GOAL OF THE EXERCISE
Repeat the whole listing below precisely. Omit all pictures.

DATA BELOW
'''

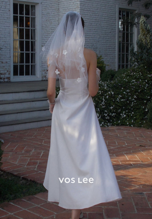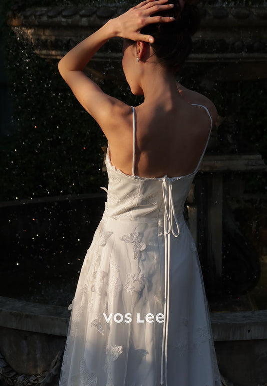 White 3D Butterfly Appliqué Midi Wedding Dress | Spaghetti Strap Bridal Gown
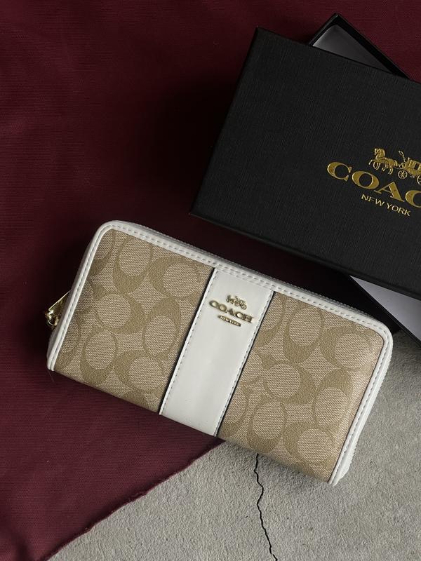 Кошелек большой с полоской Кошелек выполнен из структурной эко-кожи с вставкой из гладкой эко-кожи. Внутри три больших отделения и одно на застежке для мелочей. Также 8 отделений для карточек. Металлическая фурнитура – качественная и брендированная. Размер: 19*10см код: коричневый 20452-1 молочный 20452-2 персиковый 20452-3
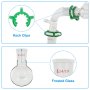 Deze gefractioneerde destillatie is gemaakt van stevig borosilicaatglas met een glad en luchtbelvrij oppervlak. Onze chemieglaswerkset bevat de condensor, kolf, scheitrechter, adapter, glasroerder, stop, clip en buis, die verschillende destillatieapparaten kunnen monteren. Met standaard 24/40 taps geslepen verbindingen, beschikt de destillatieapparatuur voor etherische olie over uitstekende afdichtingsprestaties, ideaal voor destillatie-experimenten en refluxprocessen.
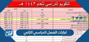 إنّ جَداول اجازات الفصل الدراسي الثاني 1446 يتم اعتمادها عبر وزارة التَّعليم في المملكة العربيَّة السعوديَّة، ويجري ذلك بالاستناد على تقويم العام الدراسي الجديد 1446 هــ وتقويم الفَصل الدراسي الثاني، حيث يتم توزيع المواد والمقرّرات في هذا الفصل بما يَتماشى مع الوقت المحدّد، وذلك لضمان توحيد الجُهود للوصول إلى أفضل نتائج، حيث يحظى الطّالب بعدد واسع من الاجازات التي تختلف بين اجازات نهاية اسبوع مطوّلة وعطل نهاية فصول دراسيّة واجازات رسميّة وغيرها، وعبر مَوقع المَرجع يمكن للطالب والمعلّم الاطَّلاع على جدول اجازات الترم الثاني 1446 وعلى جدول تقويم العام الدراسي بالأسابيع 1446.

'''

TASK OUTPUT
 White 3D Butterfly Appliqué Midi Wedding Dress | Spaghetti Strap Bridal Gown
 Кошелек большой с полоской Кошелек выполнен из структурной эко-кожи с вставкой из гладкой эко-кожи. Внутри три больших отделения и одно на застежке для мелочей. Также 8 отделений для карточек. Металлическая фурнитура – качественная и брендированная. Размер: 19*10см код: коричневый 20452-1 молочный 20452-2 персиковый 20452-3
 Deze gefractioneerde destillatie is gemaakt van stevig borosilicaatglas met een glad en luchtbelvrij oppervlak. Onze chemieglaswerkset bevat de condensor, kolf, scheitrechter, adapter, glasroerder, stop, clip en buis, die verschillende destillatieapparaten kunnen monteren. Met standaard 24/40 taps geslepen verbindingen, beschikt de destillatieapparatuur voor etherische olie over uitstekende afdichtingsprestaties, ideaal voor destillatie-experimenten en refluxprocessen.
 إنّ جَداول اجازات الفصل الدراسي الثاني 1446 يتم اعتمادها عبر وزارة التَّعليم في المملكة العربيَّة السعوديَّة، ويجري ذلك بالاستناد على تقويم العام الدراسي الجديد 1446 هــ وتقويم الفَصل الدراسي الثاني، حيث يتم توزيع المواد والمقرّرات في هذا الفصل بما يَتماشى مع الوقت المحدّد، وذلك لضمان توحيد الجُهود للوصول إلى أفضل نتائج، حيث يحظى الطّالب بعدد واسع من الاجازات التي تختلف بين اجازات نهاية اسبوع مطوّلة وعطل نهاية فصول دراسيّة واجازات رسميّة وغيرها، وعبر مَوقع المَرجع يمكن للطالب والمعلّم الاطَّلاع على جدول اجازات الترم الثاني 1446 وعلى جدول تقويم العام الدراسي بالأسابيع 1446.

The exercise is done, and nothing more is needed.